**EXERCISE:** The answer is an exact repetition of every entry, with all images left out.

**DATA SHOWN:**
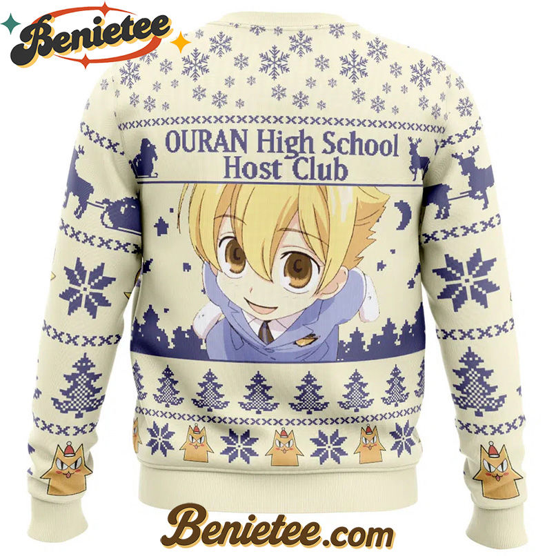 Embrace the festive spirit with a twist of otaku humor with our “Santa, How Much Do I Have To Pay You Ouran High School Host Club Ugly Christmas Sweater.” This unique piece of apparel is perfect for any fan of the beloved Ouran High School Host Club looking to add a touch of playful irreverence to their holiday wardrobe. Featuring a design that cleverly blends classic Christmas sweater aesthetics with iconic imagery from the anime, this sweater is guaranteed to be a conversation starter at any holiday gathering. Don’t miss out on the chance to showcase your love for the Host Club in a fun, festive, and undeniably ugly Christmas sweater style. Order yours now and make this holiday season unforgettable!
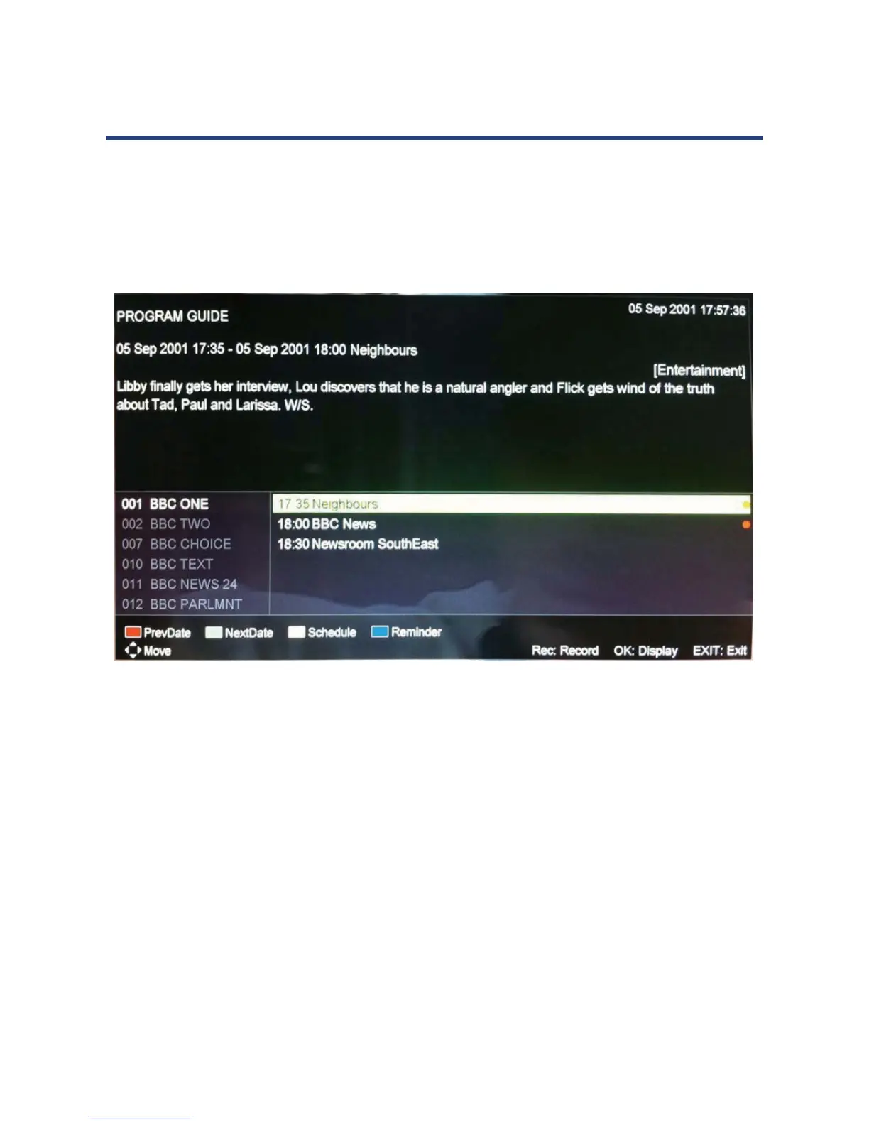 programmes list. Some seconds before the beginning of the programme, on the screen will
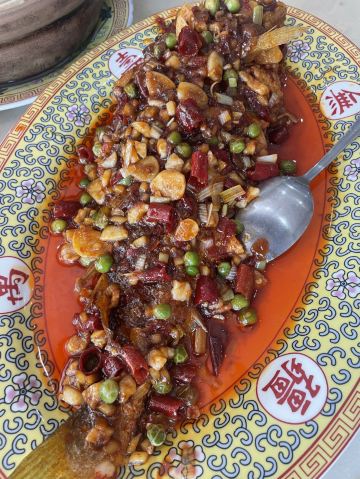 老字号餐馆,装修金碧辉煌,一进门就是标志性的大砂锅,带着老字号的气派和风范。这里以家常菜为主,砂锅白肉是当仁不让的最大特色。精品锅用五花肉配东北酸菜和粉条,肉味浓香,又特别下饭。九转肥肠、干炸小丸子也都是必点菜。
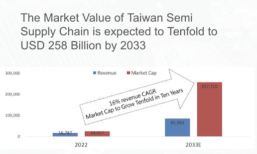 2033年には台湾半導体サプライチェーン企業の収益がTSMCのコストおよび資本支出の49%に達すると予測されており、外国人投資家の保有割合は現在の7%から、大幅に増加することが期待されています。
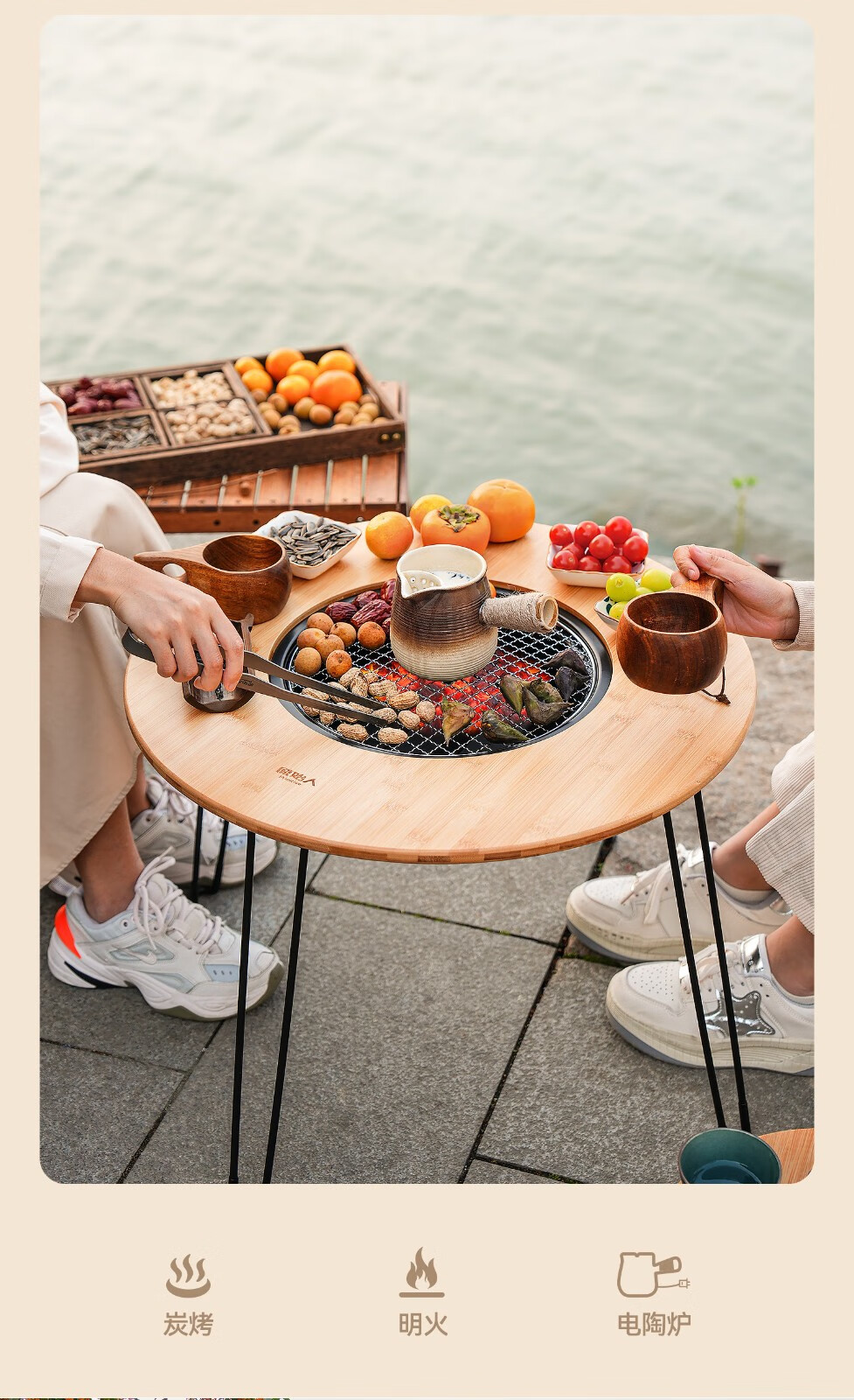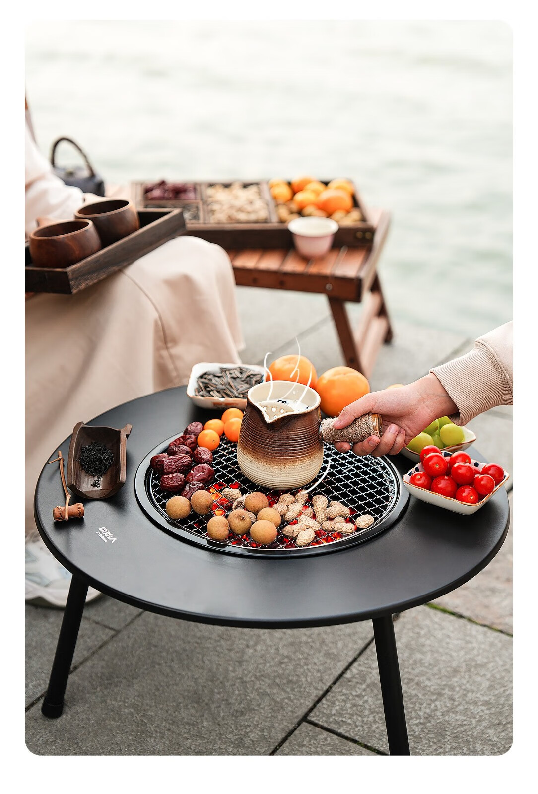Naturehike挪客墨烟桌面圆形围炉煮茶烧烤架烤肉盆户外露营便携装备公园野餐 煎烤两用款+方形速燃炭1盒(12枚/盒)
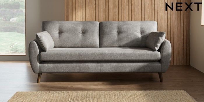 7.2.10 Wilson Buttoned Back 3 Seater Sofa Plush Chenille Light Grey Retro Tapered - Mid | Made Click here to use our website with more accessibility support, for example screen readers
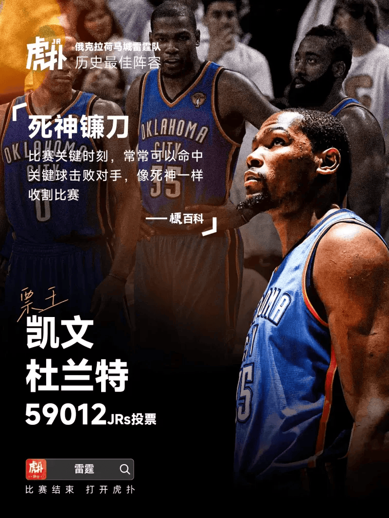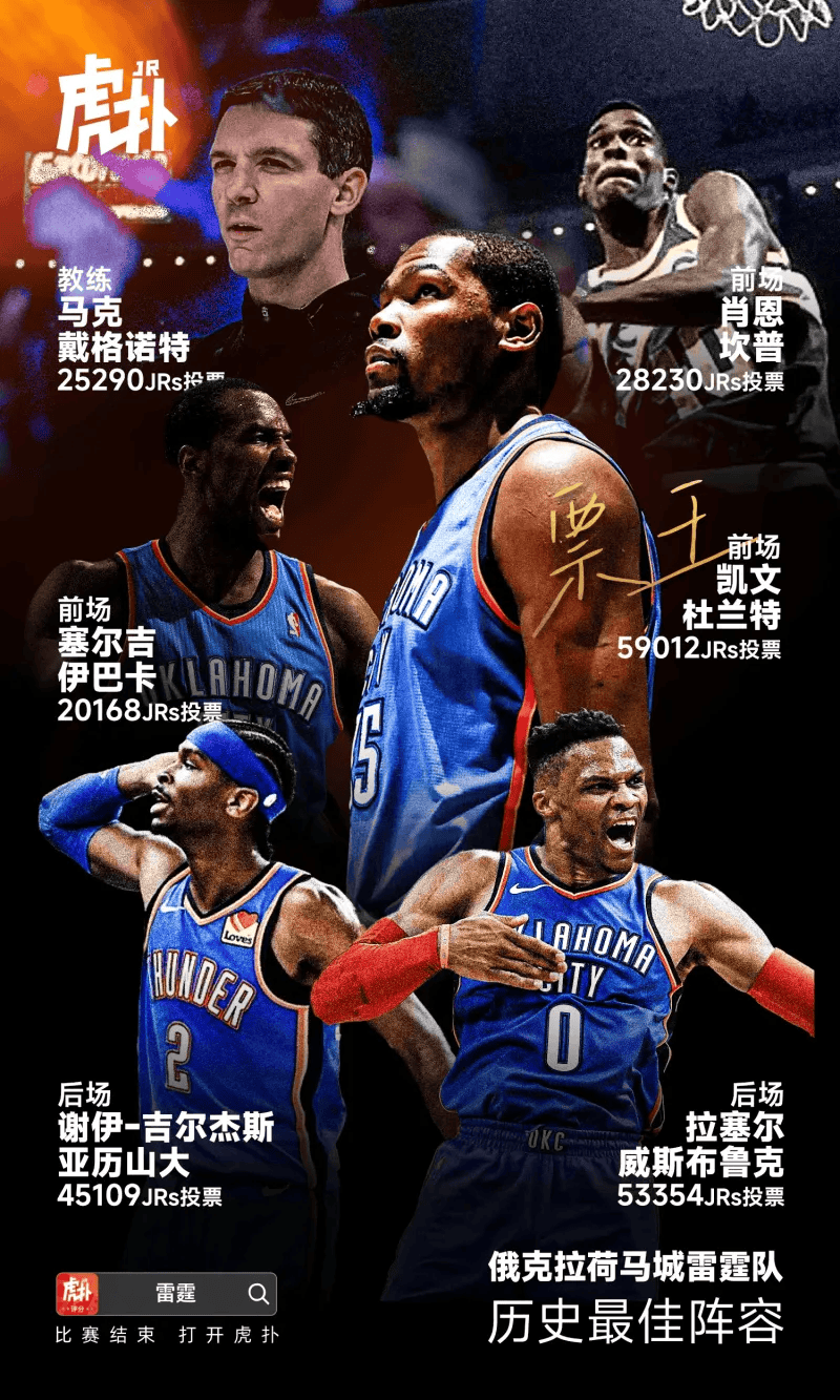 而在雷霆队史最佳阵容评选中,杜兰特则是成功拿下了票王的桂冠。这也体现了杜兰特对于雷霆这支球队的贡献以及其在雷霆球迷心中的地位——在雷霆效力的9年间,杜兰特常规赛场均可以得到27.4分7.0篮板3.7助攻,带队4次进入西部决赛,1次进入总决赛,个人更是7次进入全明星,获得4个得分王以及1个MVP。
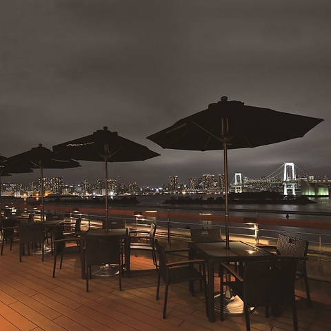 地上6階にあるテラス席からは、レインボーブリッジがみえるオーシャンビューを楽しめます!換気のされた空間でお食事をご希望の方は、こちらのテラス席へご案内いたします。
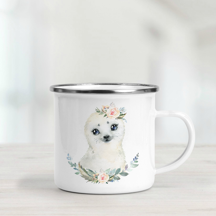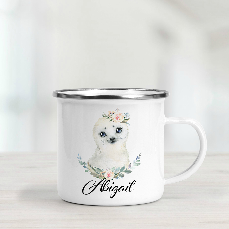Personalised Enamel Mug – Baby Seal With Bouquets

**COMPLETED TASK:**
 Embrace the festive spirit with a twist of otaku humor with our “Santa, How Much Do I Have To Pay You Ouran High School Host Club Ugly Christmas Sweater.” This unique piece of apparel is perfect for any fan of the beloved Ouran High School Host Club looking to add a touch of playful irreverence to their holiday wardrobe. Featuring a design that cleverly blends classic Christmas sweater aesthetics with iconic imagery from the anime, this sweater is guaranteed to be a conversation starter at any holiday gathering. Don’t miss out on the chance to showcase your love for the Host Club in a fun, festive, and undeniably ugly Christmas sweater style. Order yours now and make this holiday season unforgettable!
 programmes list. Some seconds before the beginning of the programme, on the screen will
 老字号餐馆,装修金碧辉煌,一进门就是标志性的大砂锅,带着老字号的气派和风范。这里以家常菜为主,砂锅白肉是当仁不让的最大特色。精品锅用五花肉配东北酸菜和粉条,肉味浓香,又特别下饭。九转肥肠、干炸小丸子也都是必点菜。
 2033年には台湾半導体サプライチェーン企業の収益がTSMCのコストおよび資本支出の49%に達すると予測されており、外国人投資家の保有割合は現在の7%から、大幅に増加することが期待されています。
Naturehike挪客墨烟桌面圆形围炉煮茶烧烤架烤肉盆户外露营便携装备公园野餐 煎烤两用款+方形速燃炭1盒(12枚/盒)
 7.2.10 Wilson Buttoned Back 3 Seater Sofa Plush Chenille Light Grey Retro Tapered - Mid | Made Click here to use our website with more accessibility support, for example screen readers
 而在雷霆队史最佳阵容评选中,杜兰特则是成功拿下了票王的桂冠。这也体现了杜兰特对于雷霆这支球队的贡献以及其在雷霆球迷心中的地位——在雷霆效力的9年间,杜兰特常规赛场均可以得到27.4分7.0篮板3.7助攻,带队4次进入西部决赛,1次进入总决赛,个人更是7次进入全明星,获得4个得分王以及1个MVP。
 地上6階にあるテラス席からは、レインボーブリッジがみえるオーシャンビューを楽しめます!換気のされた空間でお食事をご希望の方は、こちらのテラス席へご案内いたします。
Personalised Enamel Mug – Baby Seal With Bouquets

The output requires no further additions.